- Data section:
Segment Open

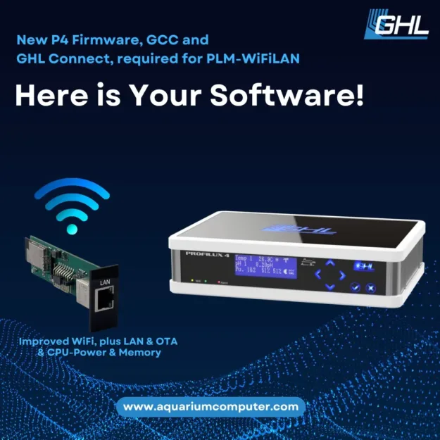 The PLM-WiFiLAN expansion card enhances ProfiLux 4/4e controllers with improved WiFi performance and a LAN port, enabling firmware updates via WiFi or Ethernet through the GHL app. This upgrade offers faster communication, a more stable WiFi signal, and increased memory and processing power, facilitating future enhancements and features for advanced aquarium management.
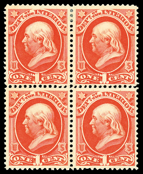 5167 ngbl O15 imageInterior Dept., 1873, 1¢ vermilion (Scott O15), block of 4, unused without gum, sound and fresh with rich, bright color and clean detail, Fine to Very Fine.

Segment Closed
Segment Open

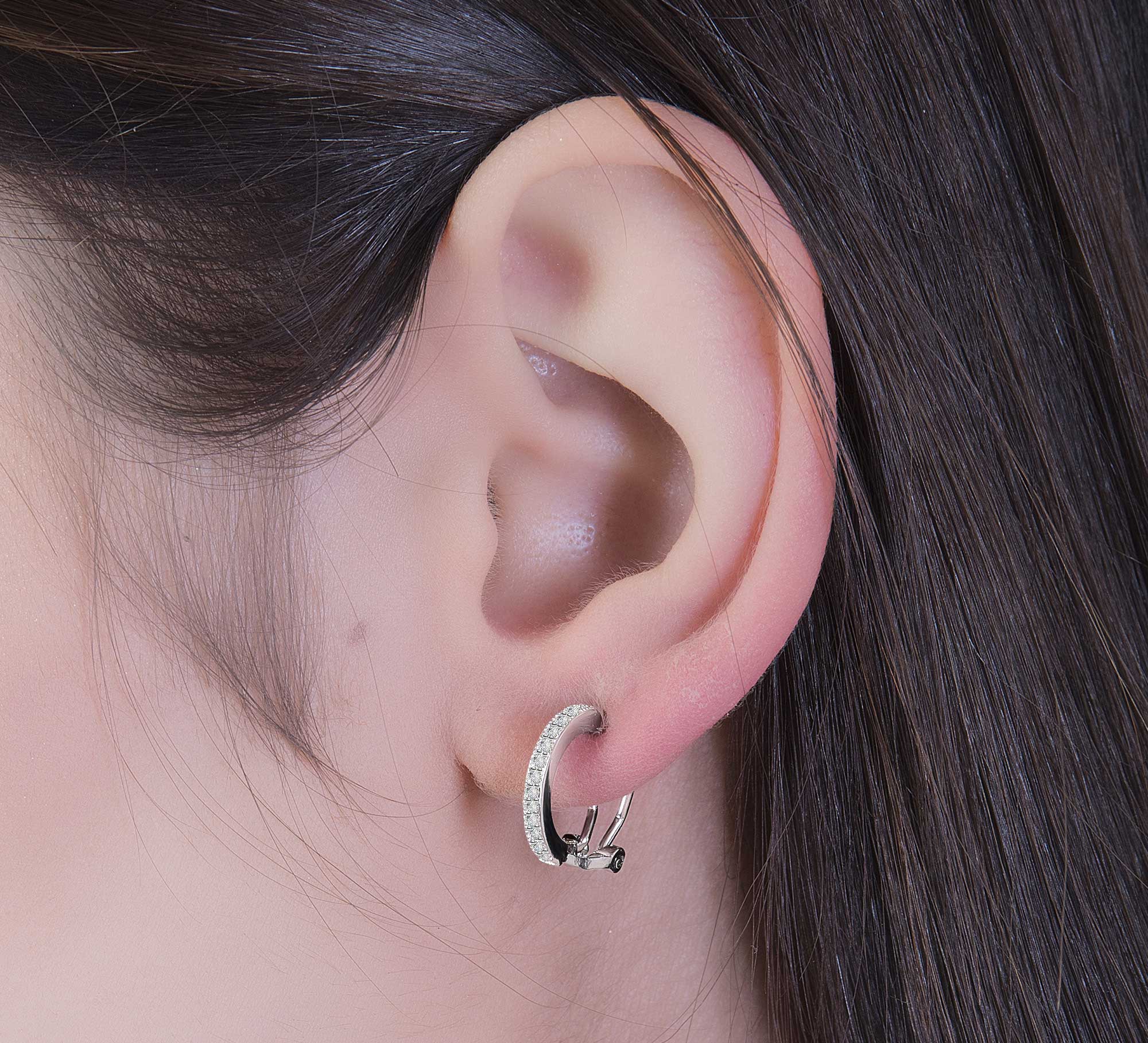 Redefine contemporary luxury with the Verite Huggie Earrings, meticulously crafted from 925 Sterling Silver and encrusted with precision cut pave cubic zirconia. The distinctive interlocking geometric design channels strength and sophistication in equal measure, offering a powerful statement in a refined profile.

Segment Closed

- Task goal: Among the records above, locate the line containing "The PLM-WiFiLAN expansion" and the line containing "5167 ngbl O15", then transcribe exactly the lines starting at the first and ending at the second, with no pictures.

- Answer area:
 The PLM-WiFiLAN expansion card enhances ProfiLux 4/4e controllers with improved WiFi performance and a LAN port, enabling firmware updates via WiFi or Ethernet through the GHL app. This upgrade offers faster communication, a more stable WiFi signal, and increased memory and processing power, facilitating future enhancements and features for advanced aquarium management.
 5167 ngbl O15 imageInterior Dept., 1873, 1¢ vermilion (Scott O15), block of 4, unused without gum, sound and fresh with rich, bright color and clean detail, Fine to Very Fine.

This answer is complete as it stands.